A, each two field picture is proceeded as follows in each layer：First, by adding Gaussian noise or setting input variable at random Each frame noise image is generated for arbitrary value；Then, noise image carries out mapping and obtains its non-linear expression by self-encoding encoder AE；

B, renewal is adjusted to each layer parameter of depth network using stochastic gradient descent algorithm.

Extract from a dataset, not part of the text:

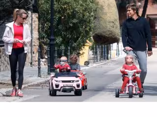 Aprovechando la desescalada y las agradables temperaturas que hace estos días en Madrid, Baute ha salido a dar un tranquilo paseo con su familia por los alrededores de su domicilio, a las afueras de la capital. El venezolano y su esposa se han mostrado pendientes en todo momento de sus tres pequeños, que se lo pasaron fenomenal en unos vehículos de juguete de lo más sofisticados.
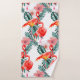Este juego de toallas de baño presenta un patrón de flamencos rosa y naranja de coral, flores de hibisco rosa y hojas tropicales verdes verde azuladas oscuras. El patrón se coloca sobre un fondo blanco y crujiente, y se repite a través de la gran toalla de baño. La toalla de mano y el paño de lavado tienen un borde inferior de flamencos a juego sobre un fondo blanco, y el contraste es agradable cuando se cuelga con la toalla. Para una decoración completa, no olvide ver la cortina de ducha y la alfombra de baño de nuestra tienda.

4. the online generation method of video frequency abstract of deep learning is based on as claimed in claim 1, it is characterised in that：Step 3) in Described is reconstructed by group sparse coding algorithm to initially simplifying video, is comprised the concrete steps that：

3.1) initially simplify video to be made up of the front m frame block of original video, i.e.,It is total n_init=m × t two field pictures, X_kK-th primitive frame block of correspondence；Corresponding non-linear table is obtained by pre-training depth network to be shown asY_kThe non-linear expression of k-th frame block of correspondence；

3.2) initial dictionary D is set by n_dIndividual atom composition, i.e.,d_jJ-th atom of correspondence；If reconstruction coefficients are C, its Element number correspondence frame number, the atom number of its dimension correspondence dictionary, i.e.,C_kFor the reconstruct system of k-th frame block Number,The i-th two field picture of correspondence；

3.3) using the group sparse coding object function of multiplier alternating direction implicit Optimal Regularization dictionary, can respectively obtain just Beginning dictionary D and reconstruction coefficients C, that is, solve：

Wherein, symbol | | | |₂Represent the l of variable₂Normal form, regularization parameter λ is the real number more than 0, function of many variables F (Y_k,C_k, Being embodied as D)：

F (Y_{k}, C_{k}, D) = \frac{1}{2 n_{f}} Σ_{y_{i} &Element; Y_{k}, d_{j} &Element; D} | | y_{i} - Σ_{j = 1}^{n_{d}} c_{j}^{i} d_{j} | |_{2}^{2} + γ Σ_{j = 1}^{n_{d}} | | c_{j} | |_{2};

Wherein, parameter γ is the real number more than 0, symbolIn mathematical expression subrepresentation the i-th two field picture is carried out using dictionary D Reconstruct；Here multiplier alternating direction implicit is specially：First preset parameter D, makes above-mentioned object function become for the convex of parameter C Function；Then preset parameter C, makes above-mentioned object function become the convex function for parameter D, and iteration alternately updates two parameters；

Step 4) described in depth network parameter is updated according to next frame block and reconstruct mistake is reconstructed to the frame block and calculates Difference, comprises the concrete steps that：

4.1) each two field picture of the frame block is done as follows successively：

4.1.1 the parameter of last layer in deep neural network, i.e. weight W and skew) are updated using online gradient descent algorithm Amount b；

4.1.2 the parameter of other layers in deep neural network) is updated using Back Propagation Algorithm；

4.2) the non-linear expression of each two field picture is updated according to new parameter；

4.3) based on existing dictionary D, present frame block is reconstructed using group sparse coding and calculation error ∈, i.e., to present frame Block X_kNon-linear expression Y_kIt is reconstructed, specially：First minimize function of many variables F (Y_k,C_k, D) and obtain optimum reconstruction coefficientsThen bring intoSection 1In and calculate its value and be current reconstructed error ∈；

Step 4) described in if error be more than given threshold if by present frame block add simplify in video and update dictionary, specifically It is：

(1) if to present frame block X_kNon-linear expression Y_kCalculated reconstructed error ∈ is more than given threshold θ, then will be current Frame block is added and simplified in video, i.e.,

(2) if currently simplifying videoIn contain q frame block, then update dictionary two field picture it is non-linear expression set beSo UseUpdate dictionary D and solve object function：

Wherein, parameter lambda is the real number more than 0, for adjusting the impact of regularization term.